Но что читает ум? Холодную схему, бездушный мировой скелет, бесстрастную этажерку, ничего не знающую о боли, страданиях и счастьи, о безнадежности и, все-таки, надежде. Ум читает мир по книге холодного оптимума, ничем не волнуемого единственно по причине отсутствия в нем жизни.
Ницше сказал: «Мир — трагедия лучших, драма слабых и комедия мерзавцев».
Но трагедия — это и есть максимализм. Где нет требования духовного максимума, там невозможна трагедия, туда и драма не умещается своим «излишним» проблематизмом. Трагедия лучших — это и есть требование максимума даже через невозможность его достичь, а драма слабых — это трусливое прозябание вдали от «крайностей», в тепленькой умственной середине, которая не ведает максимумов, которая знает лишь оптимум удобного и кастрированного равновесия, того сиюминутного здешнемирного равновесия, которое не стòит и самого себя.
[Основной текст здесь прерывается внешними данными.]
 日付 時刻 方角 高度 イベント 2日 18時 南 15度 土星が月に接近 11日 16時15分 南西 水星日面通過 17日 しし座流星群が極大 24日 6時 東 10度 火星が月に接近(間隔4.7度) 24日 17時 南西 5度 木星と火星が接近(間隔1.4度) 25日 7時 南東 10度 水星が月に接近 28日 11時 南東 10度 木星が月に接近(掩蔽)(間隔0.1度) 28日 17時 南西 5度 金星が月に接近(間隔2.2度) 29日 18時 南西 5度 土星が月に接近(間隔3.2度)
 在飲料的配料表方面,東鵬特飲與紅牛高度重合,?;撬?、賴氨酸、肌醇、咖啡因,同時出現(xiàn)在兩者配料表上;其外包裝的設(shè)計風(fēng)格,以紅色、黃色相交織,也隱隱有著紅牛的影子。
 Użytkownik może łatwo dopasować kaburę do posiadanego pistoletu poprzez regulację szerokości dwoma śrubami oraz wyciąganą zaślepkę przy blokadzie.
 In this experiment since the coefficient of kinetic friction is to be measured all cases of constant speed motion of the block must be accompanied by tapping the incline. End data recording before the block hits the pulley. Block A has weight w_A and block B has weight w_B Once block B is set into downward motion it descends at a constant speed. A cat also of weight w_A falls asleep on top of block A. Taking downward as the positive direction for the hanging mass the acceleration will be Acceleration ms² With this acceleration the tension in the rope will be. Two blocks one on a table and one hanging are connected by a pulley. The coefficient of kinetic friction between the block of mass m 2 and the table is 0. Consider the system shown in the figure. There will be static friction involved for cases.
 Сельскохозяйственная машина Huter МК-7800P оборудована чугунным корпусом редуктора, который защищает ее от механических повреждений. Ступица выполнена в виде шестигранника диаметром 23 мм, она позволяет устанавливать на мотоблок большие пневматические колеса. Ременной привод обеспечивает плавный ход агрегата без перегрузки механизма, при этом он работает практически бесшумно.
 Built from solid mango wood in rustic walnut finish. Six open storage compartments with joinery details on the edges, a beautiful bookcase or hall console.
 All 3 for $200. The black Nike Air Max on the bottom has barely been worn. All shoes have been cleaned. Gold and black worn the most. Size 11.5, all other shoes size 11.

В умственной середине спокойно, — ум не тревожит требованием максимума, ибо не способен убедить себя в его нужности. Ум не может и знать максимума, а лишь в лучшем случае видеть его как отвлеченную ирреальность, как логически необоснованное излишество, как помешательство.
Ум не слышит Божьих велений.
«...лишь ...видеть». Но видеть не есть знать. Знание дается только глубокой внутренней необходимости. Знание есть нужда.
Душа и сердце имеют прямую нужду в максимуме и прямое знание его.
* * *
Очень остро преломляется проблема духовного максимализма в культуре, и в частности, в отношениях культурного профессионализма и культурного «любительства».
Профессионал, т. е. «знающий», занимающийся систематически и «научно» какой-то областью духовной жизни, — музыкой, поэзией, — разбирающийся досконально в тонкостях и деталях, зачастую накапливает широкие умственные «знания», но утрачивает дар знания сердечного, которое есть всегда сроднение, избрание, любовное единение с избранным. Профессионал, как правило, — оптималист. Он и здесь, и там ...он нигде. Он уже не способен на отречение любви, он слишком мелочен и жаден, он не хочет упустить и «то», и «третье», ...потому что ведь и в «том», и в «третьем» тоже есть, на его просвещенный взгляд, нечто ценное, нечто привлекательное, нечто будоражащее его развитую ассоциативость и умственный вкус. Пресыщенность и импотенция, которые нам хорошо известны в их прямых психофизических проявлениях, способны парализовать и душу, сменившую яростность беззаветных избраний «любительства» на систематизм профессионалистского «знания и учета».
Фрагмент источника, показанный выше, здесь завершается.